The other day, I saw an article on a major women’s magazine website on how excited Chrissy Teigen was to see Crazy Rich Asians with her little daughter. She was so moved to be able to show her quarter-Asian daughter that there are people who look like her grandmother (Chrissy’s mother) in a movie! Representation and diversity for the win! I was wondering how much her infant daughter needed to see more people who look like her grandmother when Teigen herself is one of the most widely photographed and talked-about people on the internet.
At first, this breathless universal praise didn’t bother me in the least. The consensus seems to be that Crazy Rich Asians is finally showing Asians on the screen, as beautiful heroines and handsome Prince Charmings of a major studio film, not just geeky sidekicks like Lane Kim of Gilmore Girls. Growing up, Lane Kim was the reason I stopped watching Gilmore Girls after a few episodes. With her glasses and tomboyish looks, she was meant to be an unattractive, un-sexy best friend to Rory Gilmore with her baby-blue eyes. Logan would never fall in love with Lane, oh no.
Even more insulting was the portrayal of her family, especially Lane’s mother with her painfully bad accent and permanently angry face. The worst was when Lane got married. At the reception at a Korean-American church, all the guests threw themselves upon the food like locusts and even packed the japchae and bulgogi to-go like starving peasant nincompoops. Was this how my people must be represented on TV?! I was disgusted.
To have Asian people on screen who are not just a comic punchline is definitely progress. But to say Crazy Rich Asians gives voice to Asians would be reductive, even downright wrong. CRA is about a very, very small number of very, very privileged people in Singapore. To say that this story of the 1% of the 1% of one country is a victory for all Asians or Asian-Americans is as misleading as saying that Downton Abbey is a victory for European culture.
To Americans, anyone with a golden skin tone, almond eyes and black hair from the Eastern hemisphere is automatically Asian or, if they grew up in America, Asian American. Meanwhile, I have never thought of myself as Asian, just as I don’t eat “Asian food.” I eat Korean, Thai, Japanese, Chinese, or Indian food; my language isn’t Asian, but Korean; my cultural customs are also Korean. To be called “you’re Asian” by others makes me feel like I did as a child, when none of my new American classmates knew where Korea was and asked if it’s somewhere near China or Japan. To be called “Asian” reminds me of being jeered at as “Chink,” which mercifully only has happened a few times in my life. Or being catcalled “Gonichiwa” or “hey China doll,” which unfortunately has happened about hundreds of times in my life.

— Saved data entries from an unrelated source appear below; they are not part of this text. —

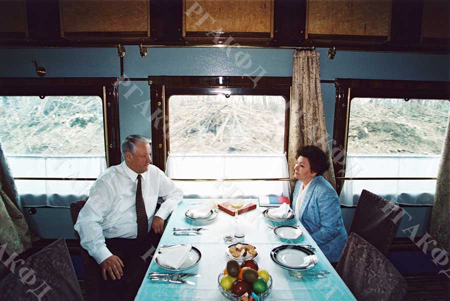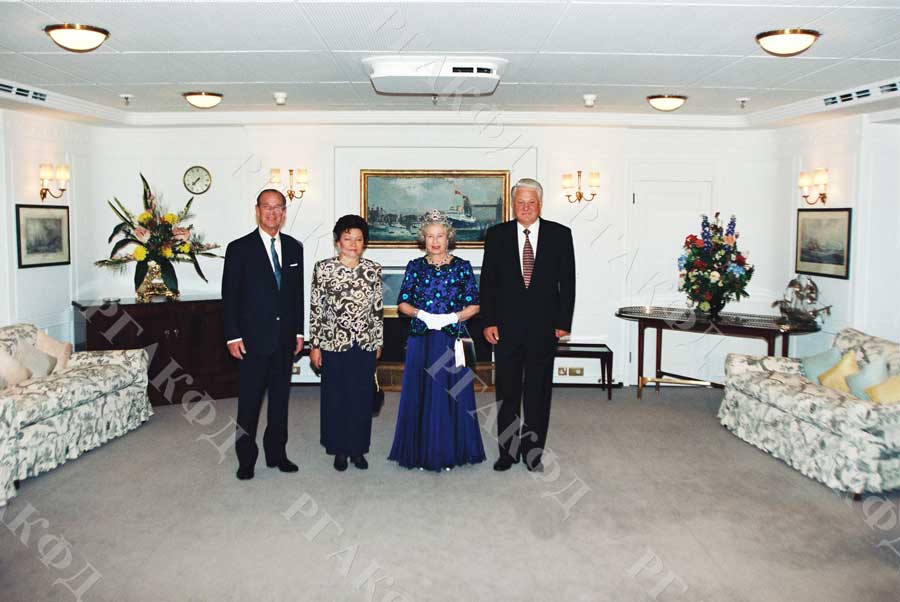 Президент РФ Б.Н. Ельцин с супругой Н.И. Ельциной и Королева Соединенного Королевства Великобритании и Северной Ирландии Елизавета II с супругом Герцогом Эдинбургским на королевской яхте «Британия» во время официального визита королевской четы в Российскую Федерацию.
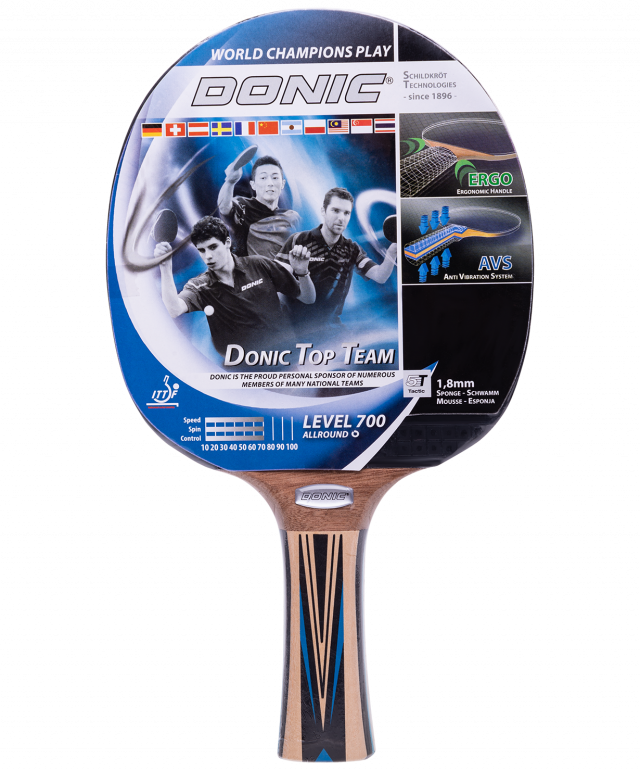 Ракетка Top Team 700 от всемирно известного немецкого бренда Donic-Schildkröt является универсальным инструментом в игре благодаря идеально сбалансированным показателям контроля, скорости и вращения. Эргономическая форма рукоятки позволяет избежать давления в руке для максимального комфорта в игре. Благодаря технологии AVS (Anti-Vibration-System) достигается улучшенный контроль мяча и снижение вибраций, вызванных ударом мяча, в результате чего повышается точность попаданий.
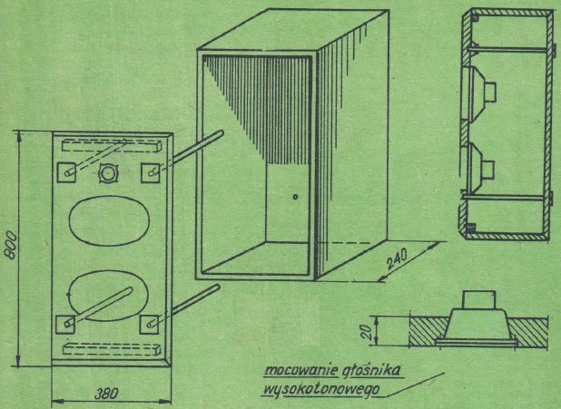 Kolumny głośnikowe (rys. 5) wykonane są ze sklejki grubości 15 mm jako obudowy zamknięte. Na przedniej ścianie kolumn znajdują się głośniki.
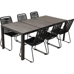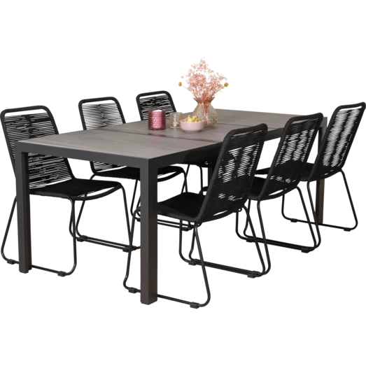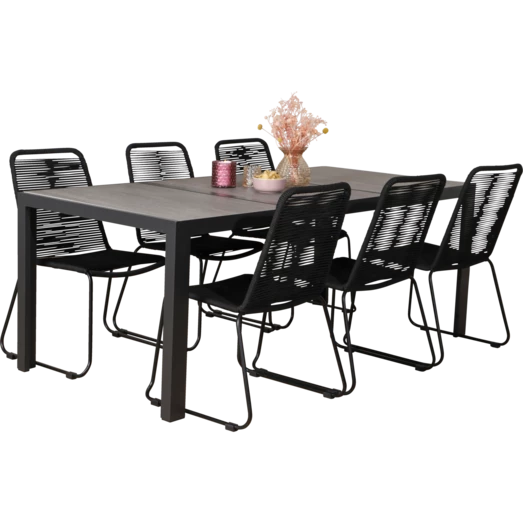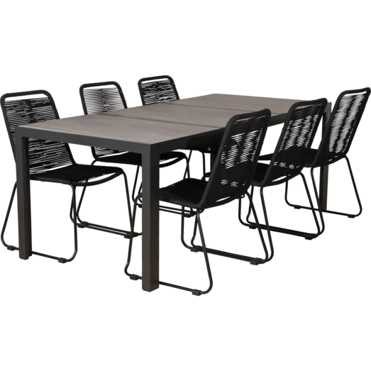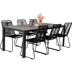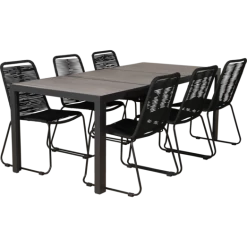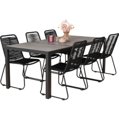 Flot Liseleje havebord fremstillet med gråmelerede keramikplader og sort aluminiumsstel, der giver et frisk pust og skiller sig ud fra mængden. Til havemøbelsættet medfølger 6 Nyby havestole, som er utroligt behagelige at sidde i, takket være stolens design og materialevalg i stolens sæde og ryg, der former sig efter din krop. Havestolens reb er UV-beskyttet og stellet er i sortlakeret stål. For ekstra komfort kan der tilkøbes havehynder, se vores udvalg her.
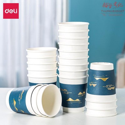 得力(deli)双层一次性纸杯 烫金压纹咖啡杯 商务招待厚纸杯 280ml 20只分享装 蓝色19214 SKU:yzwhyp201557
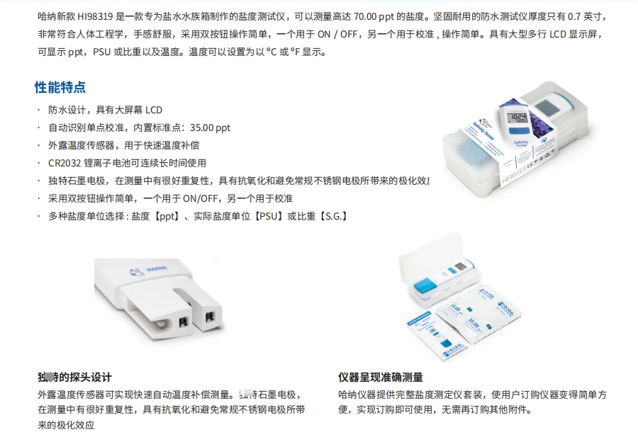 Anfitrión, sensor de temperatura incorporado y electrodo de grafito, solución especial personalizada de calibración de salinidad, especificación: 20 ml × 4.Manual de usuario tanto en chino como en inglés, estuche de transporte de instrumentos especial personalizado
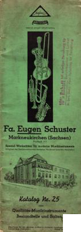 1. The frontpage of a pre-WWII Katalog Nr. 25 der Firma Eugen Schuster of Markneukirchen
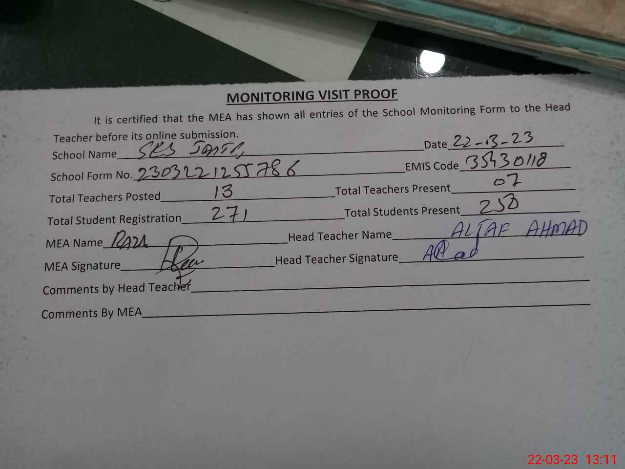 | Attendance Register | Head Teacher | MEA with School | Visit Proof |
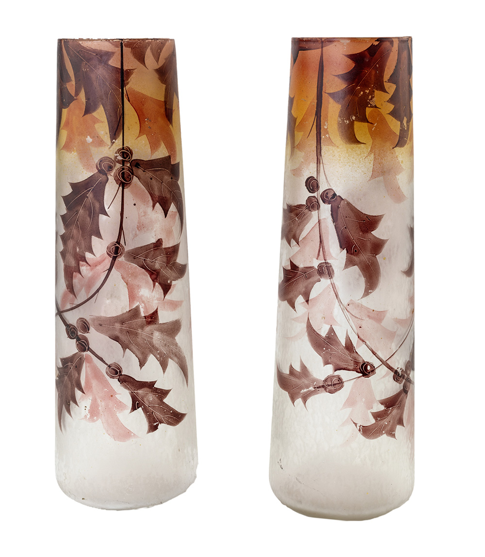 PRODUZIONE FRANCIA XX SECOLO COPPIA DI VASI in vetro soffiato con decoro...
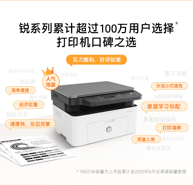 当前位置: 首页 > 办公设备 > 打印机 > 激光打印机 > 惠普 (HP) 136w 锐系列新品黑白激光多功能一体机 三合一 打印复印扫描

How I feel about the cultural imposition of Asian-ness by non-Asians is similar to how Chimamanda Adichie Ngozi described in Americanah what it’s like to be called “black” and “African” by white Americans. “When you make the choice to come to America, you become black. Stop arguing. Stop saying I’m Jamaican or I’m Ghanaian. America doesn’t care,” she wrote. This is cultural hegemony in another mask.
Not only does Crazy Rich Asians represent just a very sliver of an ambiguous collective “Asian,” it also perpetuates a disturbing stereotype about “the money- and prestige-obsessed Asian.” I’m not saying that there are not currently Asian billionaires who spend millions on their wardrobes without batting an eye, who give plastic surgery to their ornamental pet kois worth hundreds of thousands of dollars. But is this vile consumerism really what we want to highlight as the flowering of Asian culture? If there are people who are this crazy rich, it unquestionably follows that there are people who are crazy poor. Isn’t social inequality a far more dire and pressing issue than how many Asian people are on the big screen?
Finally, Crazy Rich Asians is hardly unique in being a film with an all-Asian cast. (Don’t even get me started on all Asian-American cast–see above on cultural hegemony). For films that are truly deep explorations of Asian culture, history, and in extension, human condition, I recommend: Once Upon A Time in China 1-6 (1991-1997), Farewell My Concubine (1993), The Last Emperor (1987), In The Mood For Love (2000) and honestly anything by Wong Kar-Wai, all from Chinese-speaking regions; Joint Security Area (2000), Mother (2009) by Bong Joon-Ho, not to be confused with the Jennifer Lawrence flick, Oldboy (2003), all from South Korea.
If Crazy Rich Asians made you feel vindicated, validated, and appreciated, that’s positive. But let’s not go so far as to say this Hollywood rom-com is the basis for our self-esteem (should any adult really derive self-confidence from movies? Come on). Eastern culture has represented itself gloriously for thousands of years before CRA—this film just happens to have the best marketing.
Have you seen Crazy Rich Asian? What are your thoughts?